How can you tell an XML parser to ignore entities that are referenced but not declared?
如何告诉XML解析器忽略被引用但未声明的实体?
I am getting exceptions like this:
我得到这样的例外:
org.xml.sax.SAXParseException: The entity "alpha" was referenced, but not declared.
org.xml.sax.SAXParseException:引用了实体“alpha”,但未声明。
What I want is for the parser to treat the string "α" as a simple string of characters, not as a character entity.
我想要的是解析器处理字符串“α”作为一个简单的字符串,而不是一个字符实体。
Also, I have a lot of these entities, so I can't tell the parser to ignore them singly.
此外,我有很多这些实体,所以我不能告诉解析器单独忽略它们。
1 个解决方案
#1
5
You could write a script (using sed, or perl, for example) that uses regexp replacement to preprocess the input documents and escape the ampersands, except at the beginning of character entities that XML recognizes (i.e. the five predefined ones, and any that you have declared).
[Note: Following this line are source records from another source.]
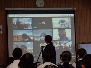 市の取組として、三松中学校が台湾の三星中学校との交流授業を英語の時間に行うもので、10月に引き続き、今回が2回目の交流となりました。前回は本校の3年生と三星中学校の1年生との交流でしたが、今回は本校1年生と三星中学校2年生との授業となりました。1年生担当の長野教諭がより相手に伝わりやすい交流にするために、プレゼンに文字を入れて、発表の後にすぐ質問する形式をとりました。1年生の代表の生徒たちは、カメラに向かって堂々と大きな声で自分が紹介したいことについて英語で説明し、三星中学校の生徒たちも臆することなくカメラの前に出てきて大きな声で質問したり、答えたりしてくれました。
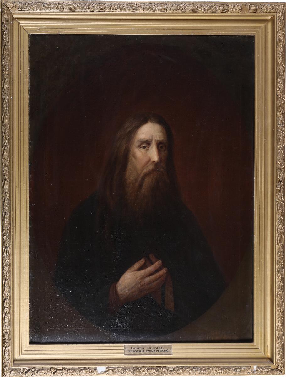 На поясном овальном портрете, заключенном в квадратную раму, преподобный Серафим Саровский изображен в трехчетвертном повороте вправо. Облачен в рясу, голова непокрыта, руки сложены в молитвенном жесте на груди, правая поверх левой. На левой руке – четки.
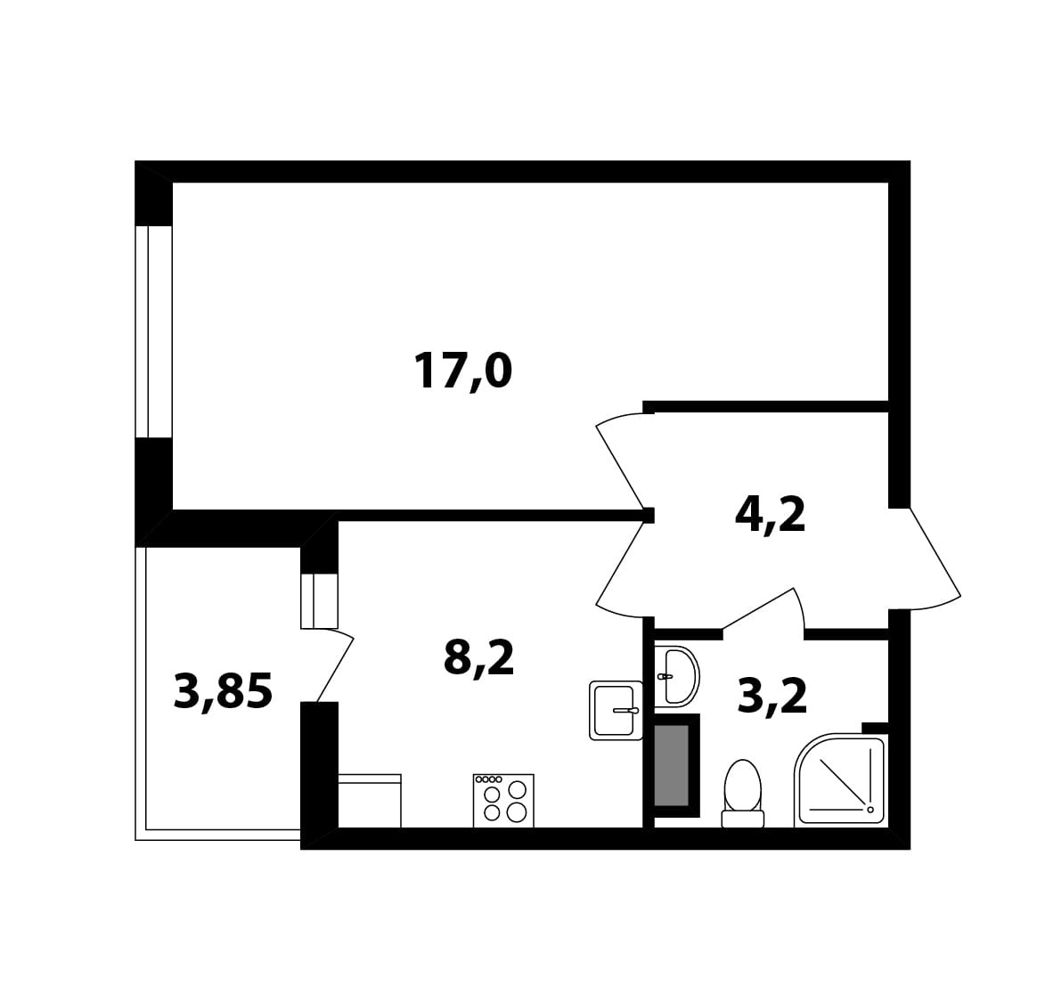 Жилая площадь 17 м2
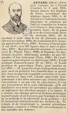 During the 1880s, he introduced the "Auvard couveuse", an inexpensive incubator that became widely popular in the latter part of the 19th century.[2][3] Other eponyms in the field of obstetrics that bear his name are: "Auvard maneuver" - a procedure for extraction of the placenta; "Auvard's vaginal speculum", and "Auvard's basiotribe" - an instrument that is a combination of a craniotomy forceps and a cranioclast.
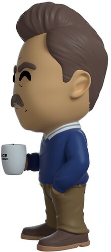 Ron stands at 4.8 inches tall, a stern look spread on his face. His left hand is in his pant pocket, while the other one is sporting a white mug with "Be Nice to Someone" printed in a black font. His attire consists of a blue sweater on top of a white dress shirt, completed with his brown pants.
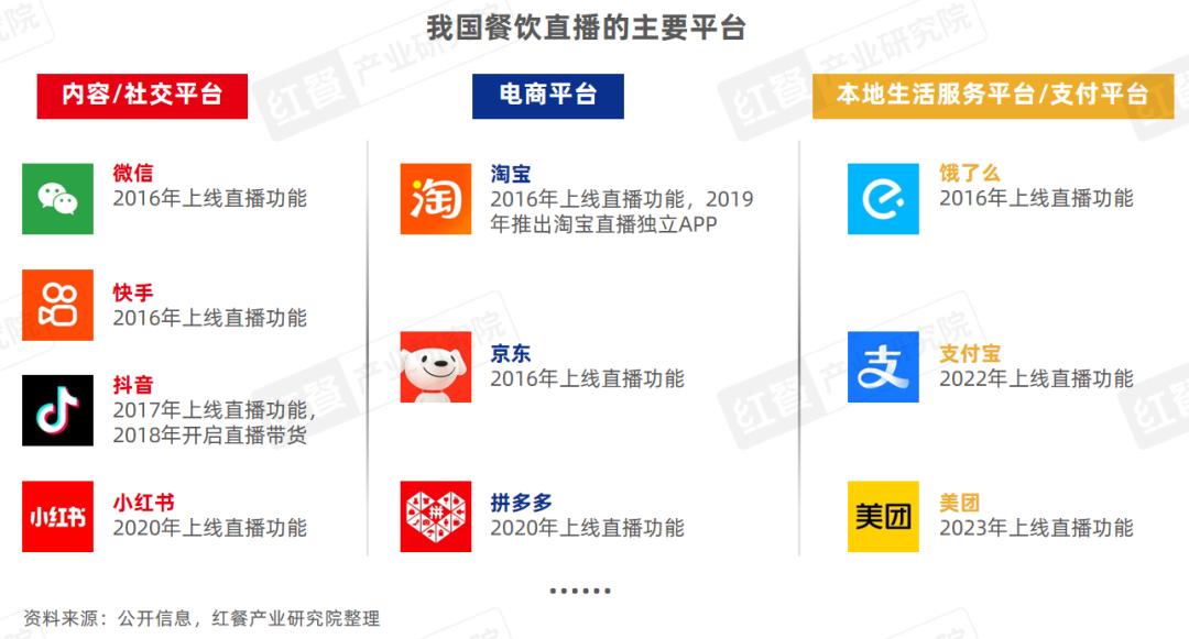 纵观这些平台上线直播功能的时间,大致可追溯至2016年。彼时电商直播兴起不久,平台看中直播的潜力,为商家提供直播的沃土。经过几年时间的发展,小红书、支付宝、美团等平台也跨界涉猎餐饮电商直播的业务。
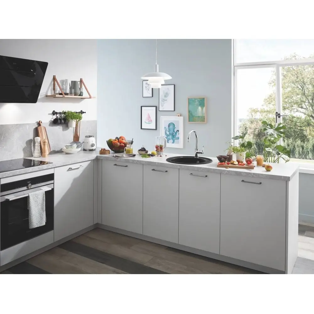 Кухонная мойка Grohe Sink 31656AP0 изготовлена из кварцевого композита, который состоит из 80% кварца и 20% акриловой смолы и отвердителя. Благодаря системе GROHE QuickFix установления мойки не возьмет много времени и не требует дополнительного оборудования. Мойка выполнена в виде чаши с отверстием слив-перелив и отверстием под смеситель. Изоляция GROHE Whisper на нижней части мойки уменьшает шум, а обработка Granite Black не реагирует на ультрафиолетовое излучение, поэтому сохраняет свой глубокий оттенок.

您可以编写一个脚本(例如使用sed或perl),它使用regexp替换来预处理输入文档并转义&符号,除了在XML识别的字符实体的开头(即五个预定义的那些,以及任何你宣布)。
E.g. the script would replace &
with &
at the beginning of strings like α
, yielding α
. But it would leave <
and  
alone.
例如。该脚本将取代&&在字符串的开头,如α,yielding& alpha;。但它会留下<独自一人。
The question you're asking boils down to "How do I get tools that are designed to parse XML (i.e. well-formed XML) to handle non-XML (i.e. not-well-formed XML)?" And the answer will pretty much always be to use non-XML tools first to fix up the input and make it well-formed.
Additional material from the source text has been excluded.